Они соприкоснулись. Ладонь ученика легла на руку учителя. Мэттиас вздрогнул, задышал тяжело, его другая рука поднялась с колен и прикрыла запястье Майкла.
— Вы мне сказали, что я не понял, что я никогда не пойму. Но это же совсем не так, учитель... отец. Я могу понять. Я просто обязан понять! Ничего не должно стоять между нами... никогда. Я всем обязан только вам.
Глаза Мэттиаса прояснились, взгляд сосредоточился, но в этом взгляде вдруг появилось что-то дикое, что-то безумное.
— Не надо, Антон, умоляю, — поспешно выговорил Майкл. — Скажи мне, в чем дело. Помоги мне. Помоги мне понять.
Послышался едва различимый хриплый шепот, так же как и прошлой ночью. Только сейчас сияло солнце и язык был иным, слова были иными.
— Самые страшные договоры на земле... Окончательное решение... Вот этого ты никогда не поймешь... Но ты видел их всех... они приходят и уходят... эти, ведущие переговоры! Приходят ко мне! Умоляют меня! Мир знает, что я могу, и он обращается ко мне! — Мэттиас остановился и столь же внезапно, как и в прошлый раз, с шепота сорвался на дикий крик, словно увидел ночной кошмар средь бела дня. — Уйди от меня! Ты предашь меня! Ты всех нас предашь!
— Но почему?
— Потому что ты знаешь!
— Нет, я ничего не знаю!
— Предатель! Ты предал своих соотечественников! Ты предал своего отца! Предал весь мир!
— В таком случае почему бы меня не убить? — повысил голос Майкл, понимая, что больше ничего не остается, что пути к Антону Мэттиасу уже нет. — Почему вы не приказали меня убить?
— Прекращайте, Хейвелок, — прокричал из дверей молодой доктор.

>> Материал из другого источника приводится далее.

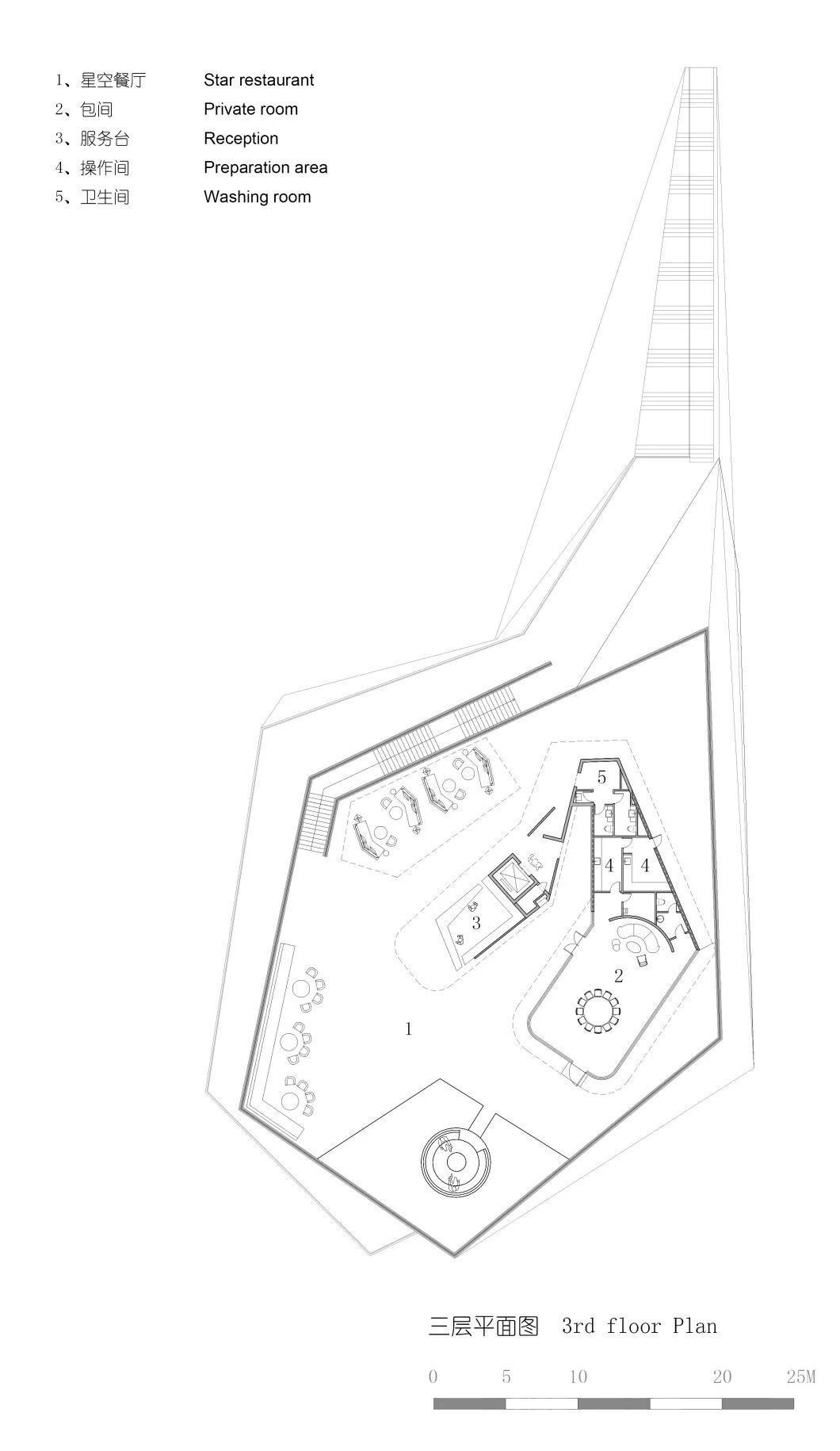 螺旋楼梯上到二层为270度海景餐厅,游客可在阵阵涛声中享受粤东地区闻名全国的特色美食。顶层露台上的星空餐厅保留了功能的可变性,为游客以及市民进行聚会休闲提供了一个绝佳的公共空间。

— Еще не время! — рявкнул в ответ Майкл по-английски.
— Хватит, черт побери!
Майкл уставился в лицо Мэттиасу и заорал, снова переходя на чешский язык:
— Послушайте меня! Вы могли меня убить, но не сделали этого! Почему? Я ничто по сравнению с миром, по сравнению с вашим «окончательным решением»! Что же вас остановило?
— Это все, мистер!
— Оставьте меня в покое! Он должен сказать!
— Что сказать?
— Говори, старик! — Майкл схватил подлокотники кресла и, глядя ему прямо в глаза, выкрикнул: — Что тебя остановило?!
Взгляд Мэттиаса вновь прояснился, и он хрипло прошептал:
— Вы ушли с конференции, и мы вас больше не видели. Мы не смогли вас найти. Мы должны знать, что вы делали, с кем говорили. Безумие.
— Все, Хейвелок. Конец. — Врач уже был рядом. Схватив Майкла за руку, он потащил его прочь. — О чем вы говорили? Я понял только, что вы говорили по-чешски. Что он вам сказал? Передайте дословно!
Хейвелок пытался избавиться от тяжелого ощущения полной безнадежности, тщетности всех усилий. Взглянув на доктора, он вспомнил, что молодой человек именно этим словом определил ситуацию. Нет, не стоит опускать руки.
— Пересказ вам ничего не даст. Он вернулся в свое детство. Это была бессмысленная болтовня... разозленного и испуганного ребенка. Я думал, что он мне что-то собирается сказать. Но ничего не последовало.
Доктор кивнул, у него были глаза умудренного жизнью человека.
— С ним это часто, случается, — сказал психиатр, успокоившись. — Это дегенеративный синдром стариков, рожденных в другой стране, с иным языком. При этом нет большой разницы, нормальные они или ненормальные. И те, и другие одинаково погружаются в прошлое. А почему бы и нет? Они заслужили покой... Простите и не огорчайтесь. Вы старались изо всех сил. Пойдемте, я отвезу вас. На посадочной площадке вас ждет вертолет.